Tummino: Nimbus is advancing a diverse, multi-therapeutic pipeline. We've had three programs enter the clinic in our first 15 years, and we're poised to have three more first-in-human programs in just three years, a significant acceleration that reflects the maturation of our discovery engine.
I'm especially excited about two programs. First is our novel non-covalent Werner syndrome helicase (WRN) inhibitor, which entered Phase 1/2 trials earlier this year. WRN is a well-validated target for microsatellite instability (MSI) solid tumors. Our preclinical data show the compound is potent, selective, and produces significant tumor regression and sustained complete responses at low doses in MSI-high models refractory to immunotherapy and chemotherapy. We believe it has best-in-class potential for patients with limited treatment options.
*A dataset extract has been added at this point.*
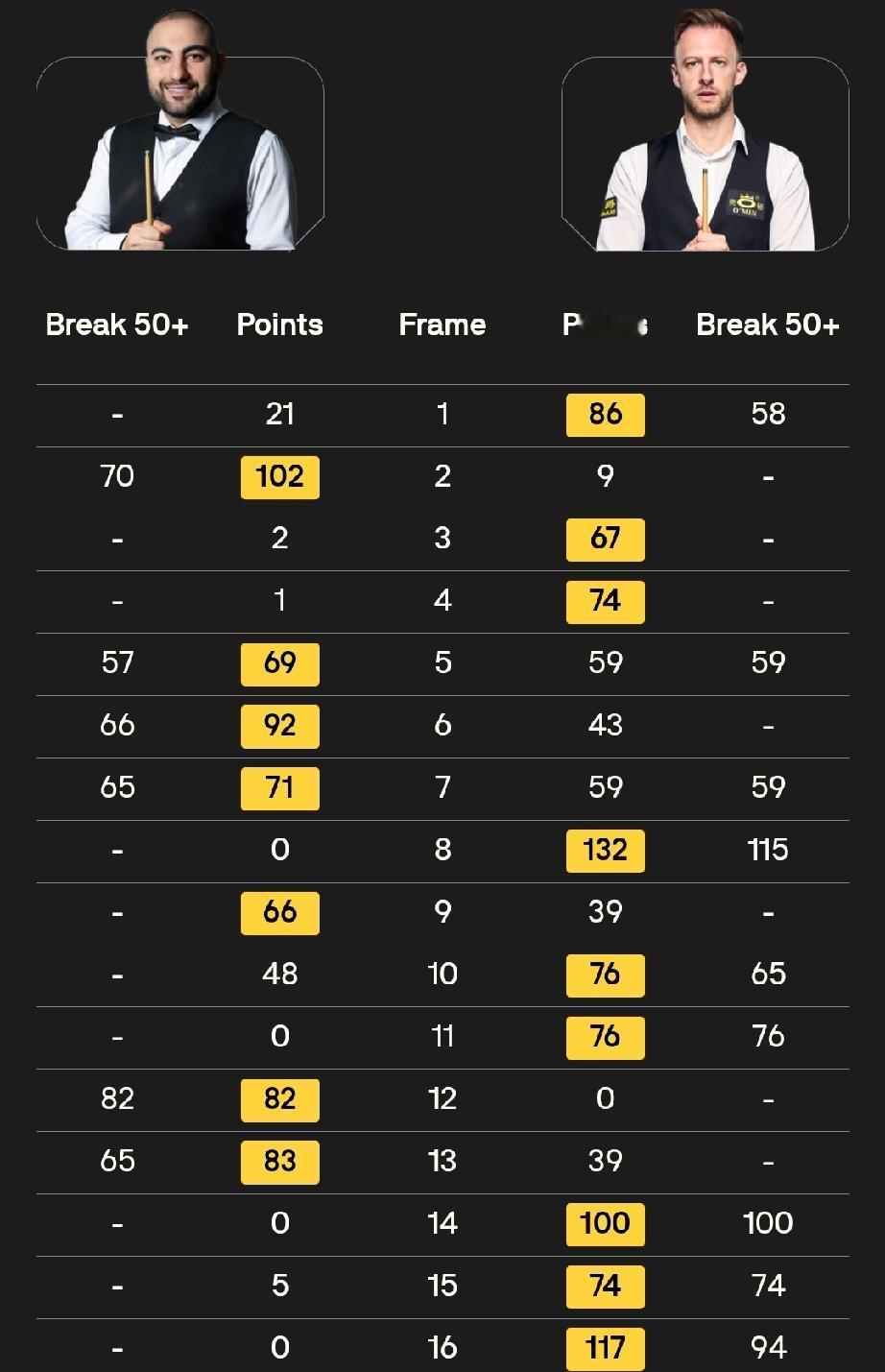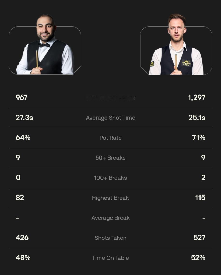 前22局,非种子选手侯赛因瓦菲发挥出色,打出9杆50+,小特打出两杆破百9杆50+,大比分11-11战平。

Second is our salt-inducible kinase (SIK) inhibitor for immunological and inflammatory diseases. SIK2 controls both inflammation and its resolution. Our compelling preclinical data indicate that potent selective SIK2 inhibition dials down pro-inflammation cytokines in overactive immune cells while boosting IL-10, a powerful anti-inflammatory cytokine that initiates tissue healing. This combination of anti-inflammatory activity and tissue healing may be particularly valuable for inflammatory bowel disease.
Each of the four programs we’ve put into the clinic are currently still in the clinic, and we are working to expand that success, focusing on bringing truly novel, best-in-class medicines to patients who need them most.
PE: What does Nimbus consider to be the biggest challenges impacting the industry?
Tummino: One major challenge in small molecule drug discovery today is how the goalposts for achievement are being defined for AI. The current focus has been primarily on speed, particularly reducing timelines from program initiation to clinical proof-of-concept (POC). While faster timelines are important, I believe this misses the larger opportunity. The most critical goal in small molecule drug discovery should be effectively drugging the most important therapeutic targets for a particular disease indication. When speed becomes the primary metric, competitive biotechs tend to pursue targets that are easier to drug rather than the most impactful ones. This approach risks higher failure rates in Phase 2 trials.
In contrast, consider the successes we’ve seen with companies like Amgen and Mirati, who have successfully drugged KRAS for oncology, and Kymera, who has made breakthroughs with STAT6 for autoimmune diseases. These are major advances in treatment options with significant potential to benefit patients. These programs likely did not fit the aspirational timelines that the industry talks about, but they represent the kind of meaningful progress our field should prioritize when employing AI to improve drug development.
The biggest challenges I see is the industry losing sight of what should be at the center of drug discovery: outstanding scientists. You really need pure, outstanding scientists to succeed. Average science is not going to be able to tackle these very difficult clinical indications and develop breakthrough medicines.
The real advantage of AI is that it can empower scientists and make them much more capable, but it's just a tool. There is a growing narrative that AI will replace human judgment, but it takes human expertise to make sound drug development decisions. Companies succeed by approaching AI with healthy skepticism, integrating it thoughtfully as a force multiplier in the hands of experienced scientists, while keeping the focus on the fundamentals: recruiting and rewarding outstanding scientists as the most important people in the organization.